L’opposant Moïse Katumbi Chapwe est arrivé à Goma samedi 26 octobre après deux tentatives manquées. Il a tenu un meeting au stade Afia où il a nié un quelconque rapprochement avec l’ancien régime de Joseph Kabila.
Devant une foule nombreuse venue l’attendre depuis l’aéroport
jusqu’au stade Afia, Moïse Katumbi a d’abord exprimé sa joie de se
retrouver enfin à Goma :
« Nous avons raté plusieurs occasions
de nous revoir, je le comprends en voyant cette masse ici. Je loue
votre esprit révolutionnaire parce que je suis ici grâce à vous. »
Katumbi a promis de faire une opposition exigeante avec son propre parti politique qu’il veut créer. S’agissant de son prétendu rapprochement avec l’ancien président Joseph Kabila, il répond : « Ce
sont des bêtises. N’y prêtez même pas attention. Je ne peux pas trahir
la population. Nous nous comprenons ? Si j’étais un traitre, pourrais-je
venir ici ? Cessez d’écouter les mensonges. »
Moise Katumbi
appelle aussi à combattre la corruption et la mauvaise gouvernance et
promet de se battre pour le bien-être social du peuple congolais.
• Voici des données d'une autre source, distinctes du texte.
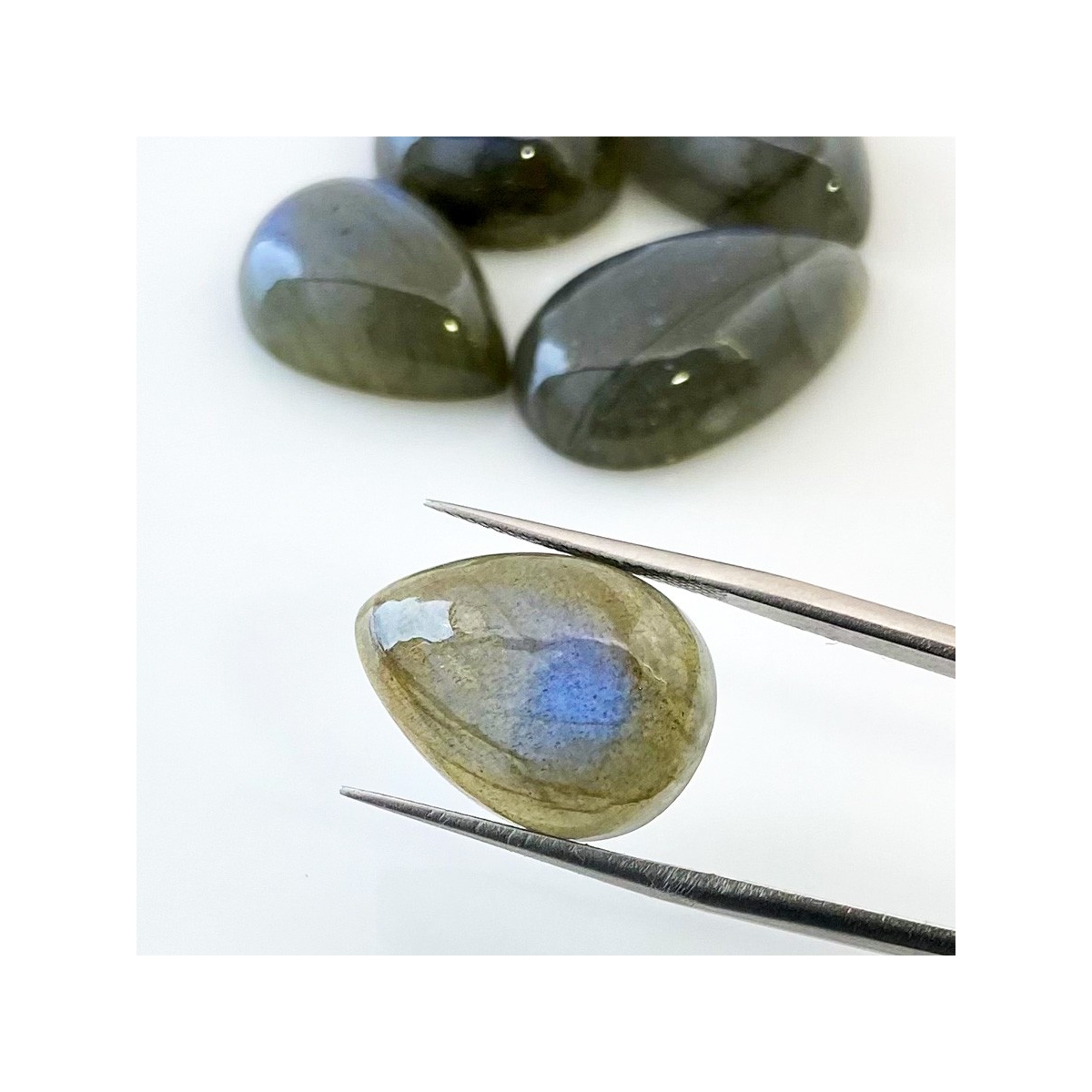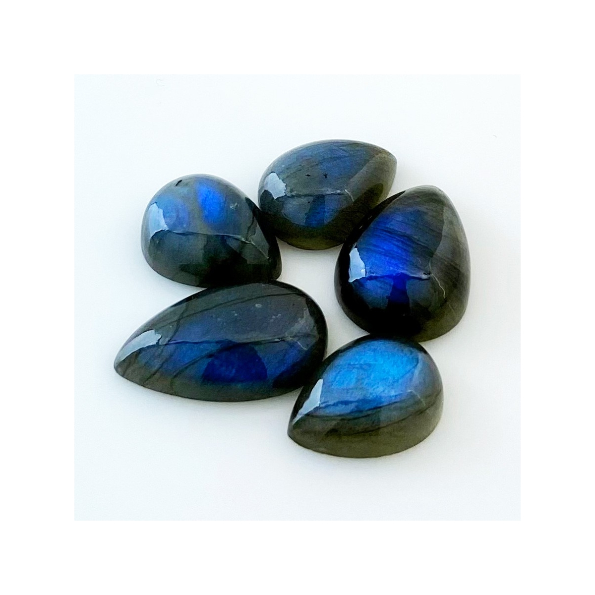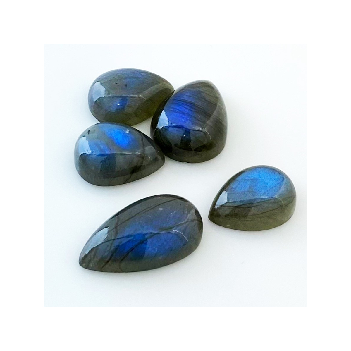 Buy This "AA" Grade 19x14-26x15mm Smooth Pear Shape Natural Labradorite (Un-Treated) Cabochons Parcel. You Will Receive 5 Pcs. With a Total Weight of 91.5 Carat. This Labradorite Stone is Originated From Africa and Masterfully Handcrafted by The Experienced Artisans of Jaipur (India).
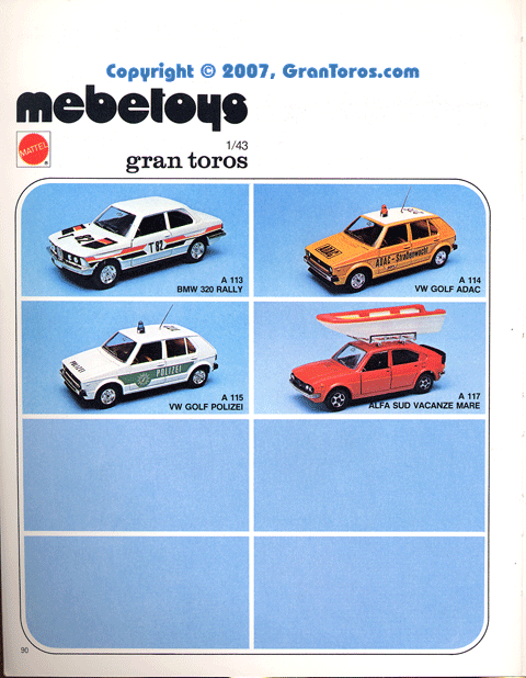 Page 90 of the 1978 Italian Dealer's catalog showing the following"Gran Toros" models (note that none of these models are Hot Wheels Gran Toros):

Nathy Nuriati est habitant de Goma ; elle se dit satisfaite du discours de Katumbi. « Il
vient de lever les doutes que nous avions… Il y avait des rumeurs qui
circulaient dans nos oreilles pour dire qu’il n’était plus de
l’opposition et voilà il vient de dire qu’il y est et qu’il ne quittera
pas l’opposition. »
Après Goma, le président d'Ensemble pour
le Changement se rendra aussi à Beni, Butembo, Bukavu, Ituri et Kindu
pour délivrer le même message. À noter aussi le retour de Salomon Idi
Kalonda Della, conseiller en communication qui retrouve sa liberté de
circuler.
■ Kabila peut-il revenir ?
La
question est au cœur des débats depuis que le PPRD, son parti, a
annoncé le retour de l’ex-président de la République, dans les tous
prochains jours, dans l’arène politique.
Ce sont les fidèles de
Joseph Kabila qui ont annoncé cette nouvelle lors de leurs assises de
Lubumbashi, cette semaine. Pour Néhémie Mwilanya, le dernier directeur
de cabinet de Joseph Kabila, aujourd’hui coordonnateur du FCC, aucun
obstacle constitutionnel ou institutionnel n’empêcherait le retour au
pouvoir de l’ancien président de la République en 2023. Au moment
opportun, le bureau politique et les instances habilitées vont se
prononcer sur la question, a renchéri Mwilanya.
Depuis, les
réseaux sociaux se sont emballés. Il n’est pas possible pour un sénateur
à vie de briguer un autre mandat présidentiel, rétorque Paul-Gaspard
Ngondakoy. Pour ce professeur de droit constitutionnel à l’Université de
Kinshasa, le statut de sénateur à vie-statut viager est inscrit dans la
Constitution. Joseph Kabila ne peut donc pas y renoncer comme il
l'entend.
D’autres voix s’ajoutent au débat. Elles veulent savoir
qui a la bonne lecture de la Constitution. Est-il permis de revenir au
pouvoir après avoir effectué deux mandats s’il y a une interruption, se
demandent certains congolais ? La Cour constitutionnelle ou les deux
chambres du Parlement seront sans aucun doute sollicitées pour trancher.